**ASSIGNED TASK**
Return the listing exactly, please; no pictures.

**EXERCISE INPUTS**
== Segment start ==
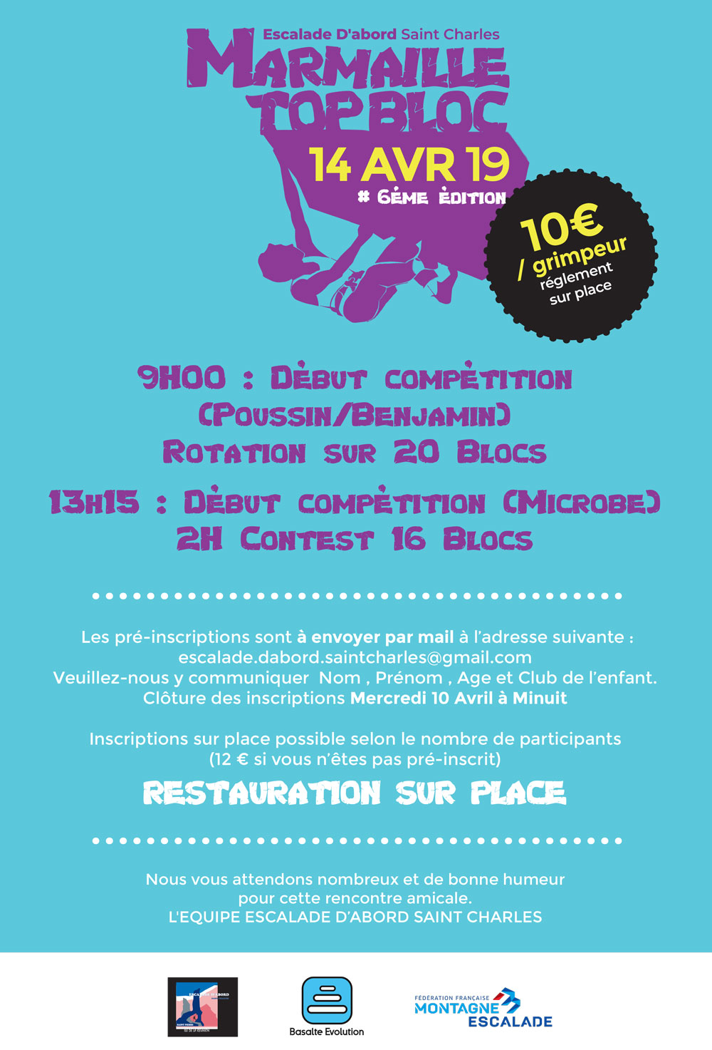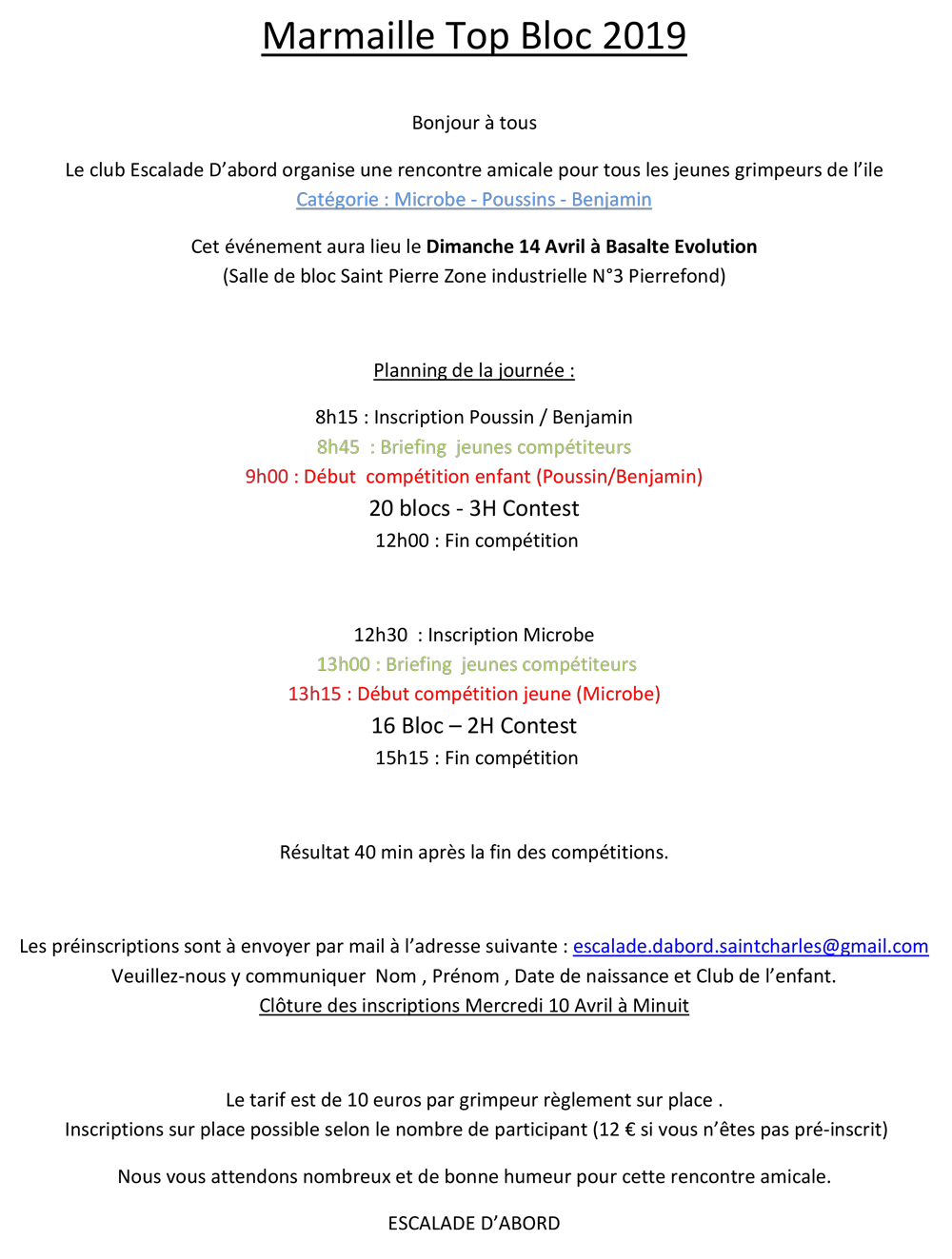 - Il n’y a pas d’inscription sur place, le jour de la compétition
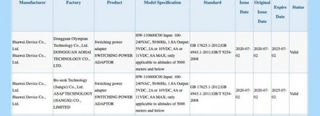 Благодаря информации, размещённой на сайте китайского регулятора 3С, стало известно, что Huawei подала заявку на сертификацию 66-Вт блока питания для мобильных устройств. Он, по некоторым данным, будет поставляться в комплекте с грядущим флагманским смартфоном Mate 40, выпуск которого ожидается этой осенью.
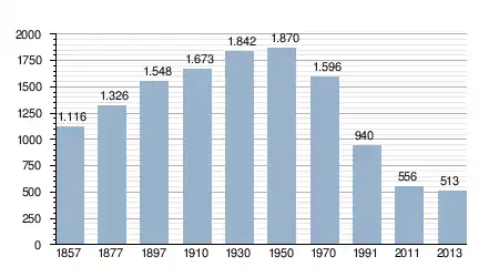 - Bron: INE, 1857-2011: volkstellingen
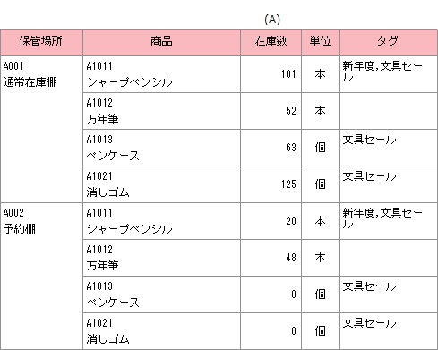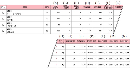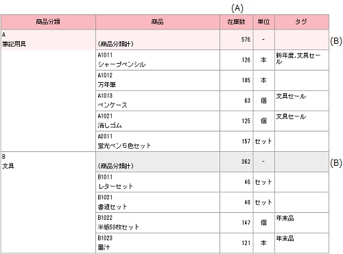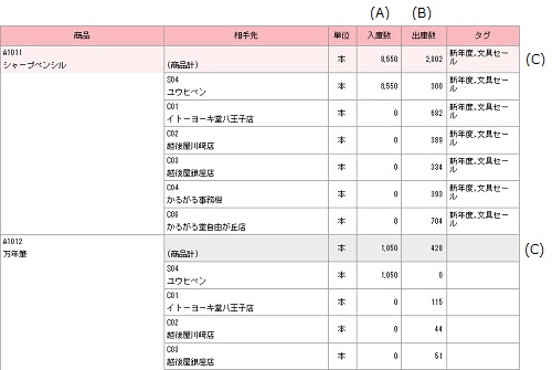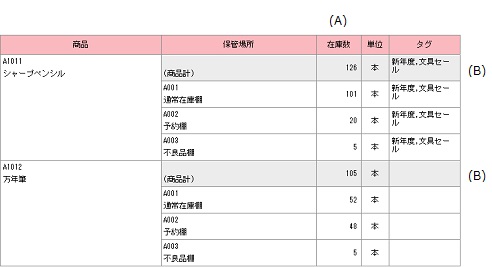 | (A) | 在庫数: 集計日時点の在庫数を表示します。 |
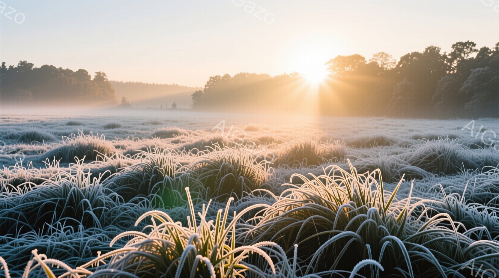 広大な草原が霜で覆われ、まるで銀色の波のようになっている。遠くには木々がぼんやりと見え、朝日が草原を黄金色に染め上げ、幻想的な雰囲気を醸し出している。この風景は静寂と美しさに満ちており、自然の力強さと繊細さを感じさせる。
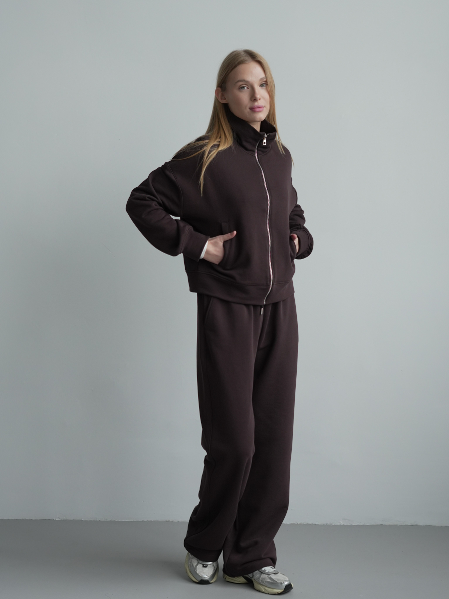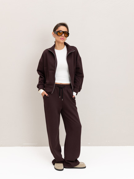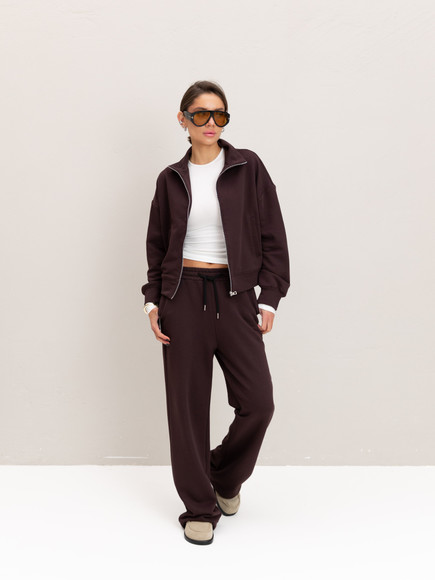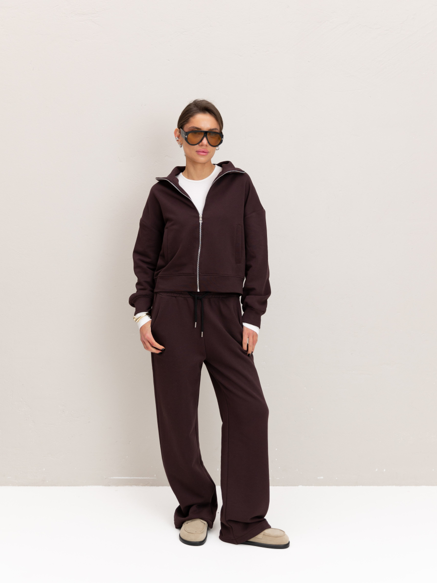 Модель складається з джемпера зі стійкою та кишенями-листочками і прямими штанами середньої посадки із затяжками по низу для створення різних образів.
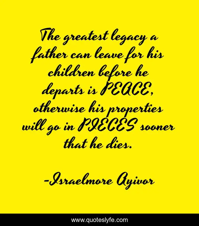 "Israelmore Ayivor Quotes." Quoteslyfe.com, 2025. Mon. 08 Dec. 2025. <https://www.quoteslyfe.com/quote/The-greatest-legacy-a-father-can-leave-100190>.
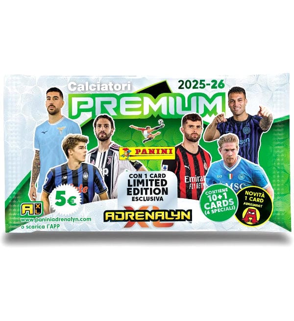 Premium Pack zur "Panini Calciatori Adrenalyn XL 2025-26" Trading Card Serie mit folgendem Inhalt:
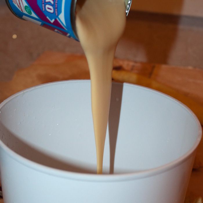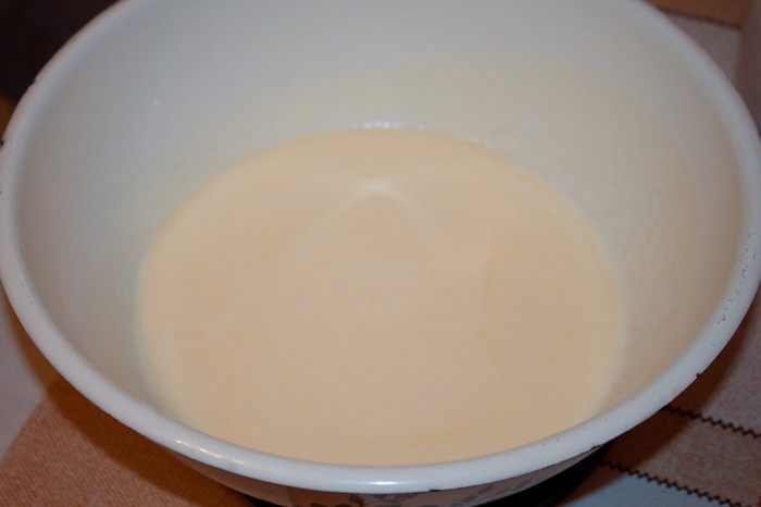 В емкость для взбивания крема вливаем сгущенное молоко.
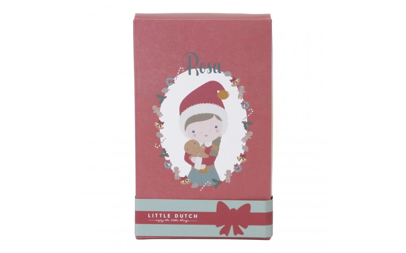 Dit is lieve Rosa. Deze pluche knuffelpop van Little Dutch in een schattig kerstoutfitje wil graag geknuffeld worden. Rosa kan rechtop blijven zitten en rijdt graag met je mee in de houten poppenbuggy van Little Dutch
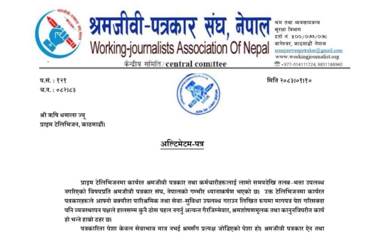 प्राइम टेलिभिजनलाई पत्रकार संघको पत्र : एक साताभित्र तलब बक्यौता नदिए आन्दोलन
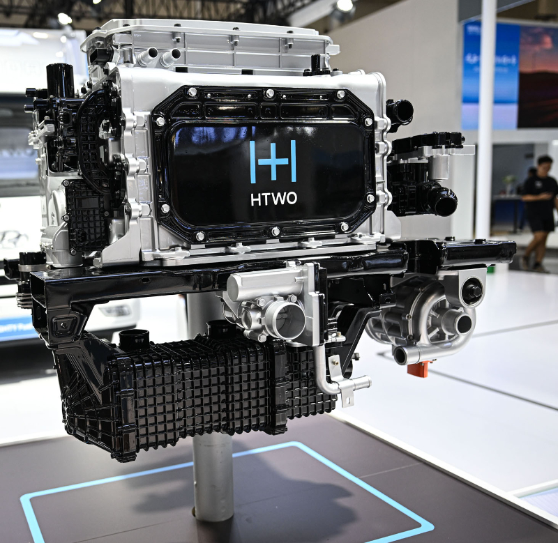 圖為在現(xiàn)代汽車集團(tuán)展臺(tái)拍攝的氫燃料電池系統(tǒng)。新華社記者 蒲曉旭 攝
== Segment end ==
**OUTPUT FOR THIS TASK**
 - Il n’y a pas d’inscription sur place, le jour de la compétition
 Благодаря информации, размещённой на сайте китайского регулятора 3С, стало известно, что Huawei подала заявку на сертификацию 66-Вт блока питания для мобильных устройств. Он, по некоторым данным, будет поставляться в комплекте с грядущим флагманским смартфоном Mate 40, выпуск которого ожидается этой осенью.
 - Bron: INE, 1857-2011: volkstellingen
 | (A) | 在庫数: 集計日時点の在庫数を表示します。 |
 広大な草原が霜で覆われ、まるで銀色の波のようになっている。遠くには木々がぼんやりと見え、朝日が草原を黄金色に染め上げ、幻想的な雰囲気を醸し出している。この風景は静寂と美しさに満ちており、自然の力強さと繊細さを感じさせる。
 Модель складається з джемпера зі стійкою та кишенями-листочками і прямими штанами середньої посадки із затяжками по низу для створення різних образів.
 "Israelmore Ayivor Quotes." Quoteslyfe.com, 2025. Mon. 08 Dec. 2025. <https://www.quoteslyfe.com/quote/The-greatest-legacy-a-father-can-leave-100190>.
 Premium Pack zur "Panini Calciatori Adrenalyn XL 2025-26" Trading Card Serie mit folgendem Inhalt:
 В емкость для взбивания крема вливаем сгущенное молоко.
 Dit is lieve Rosa. Deze pluche knuffelpop van Little Dutch in een schattig kerstoutfitje wil graag geknuffeld worden. Rosa kan rechtop blijven zitten en rijdt graag met je mee in de houten poppenbuggy van Little Dutch
 प्राइम टेलिभिजनलाई पत्रकार संघको पत्र : एक साताभित्र तलब बक्यौता नदिए आन्दोलन
 圖為在現(xiàn)代汽車集團(tuán)展臺(tái)拍攝的氫燃料電池系統(tǒng)。新華社記者 蒲曉旭 攝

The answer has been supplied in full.